Nevergiveup ha scritto:


> Quindi la conclusione della "faida" Rino-Leo è che si dimettono tutti e due. Speriamo in Paolo almeno che non molli la barca..non per insinuare che uno o l'altro abbian fatto ciò ma semplicemente perchè un pezzo di vero Milan deve necessariamente restare a bordo.



Non hai capito, se faida c'è stata è tra Leo/Paolo/Rino vs Gazosa/proprietà


----------



## FiglioDelDioOdino (28 Maggio 2019)

Sia queste dimissioni che quelle di Gattuso odorano di _gentile consiglio a dimettersi da parte dell'amministrazione, con lettera già pronta e solo da sottoscrivere.
_


----------



## ilgallinaccio (28 Maggio 2019)

ma quali dimissioni e dimissioni, segati entrambi. a me leo piaceva, ma è giusto così. troppo grave il fallimento di quest'anno per non esserci conseguenze.


----------



## Nevergiveup (28 Maggio 2019)

Clarenzio ha scritto:


> Non hai capito, se faida c'è stata è tra Leo/Paolo/Rino vs Gazosa/proprietà



Infatti forse non si capisce bene ma il senso era quello che in realtà la famosa faida propugnata dai media non esistesse e ne è prova il fatto che fan le valigie entrambi.


----------



## Jino (28 Maggio 2019)

Roten1896 ha scritto:


> Ogni anno rifondazione... staremo a vedere, dai



Non so come possa nascere un progetto tecnico se in tre anni hanno lavorato tre direttori sportivi....


----------



## Stanis La Rochelle (28 Maggio 2019)

Spero tanto che Leonardo parli e faccia chiarezza sulle motivazioni.
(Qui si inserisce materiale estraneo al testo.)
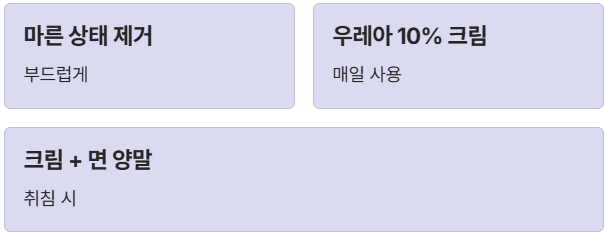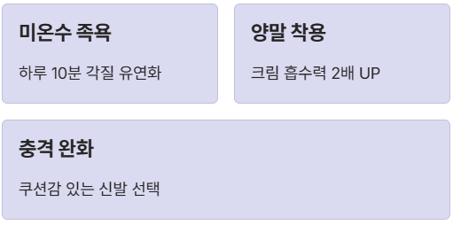 - 미온수 족욕: 하루 10분, 피로를 풀며 각질을 유연하게 만듭니다.

Vorrei sapere i motivi in maniera ufficiali e non le classiche voci di corridoio


----------



## Tifo'o (28 Maggio 2019)

Jino ha scritto:


> Non so come possa nascere un progetto tecnico se in tre anni hanno lavorato tre direttori sportivi....



Al Milan si fa tutto al contrario. Elliot prima di mettere Leonardo, doveva mettere un AD il quale portava il suo fidato DS. Noi, invece, abbiamo prima messo un "ds" e poi un AD era inevitabile che questi avrebbe cambiato visto che deve portarsi un uomo suo e di conseguenza un allenatore del DS.

Il prossimo anno sarà fallimento e salteranno Gazidis ed il suo DS ed arriveranno altri due.


----------



## Toby rosso nero (28 Maggio 2019)

Jino ha scritto:


> Non so come possa nascere un progetto tecnico se in tre anni hanno lavorato tre direttori sportivi....



L'unico progetto tecnico è quello dei ricorsi al TAS e delle riunioni con l'UEFA. Purtroppo il campo di gioco qui non esiste più da un pezzo.


----------



## Gekyn (28 Maggio 2019)

Tifo'o ha scritto:


> Al Milan si fa tutto al contrario. Elliot prima di mettere Leonardo, doveva mettere un AD il quale portava il suo fidato DS. Noi, invece, abbiamo prima messo un "ds" e poi un AD era inevitabile che questi avrebbe cambiato visto che deve portarsi un uomo suo e di conseguenza un allenatore del DS.
> 
> Il prossimo anno sarà fallimento e salteranno Gazidis ed il suo DS ed arriveranno altri due.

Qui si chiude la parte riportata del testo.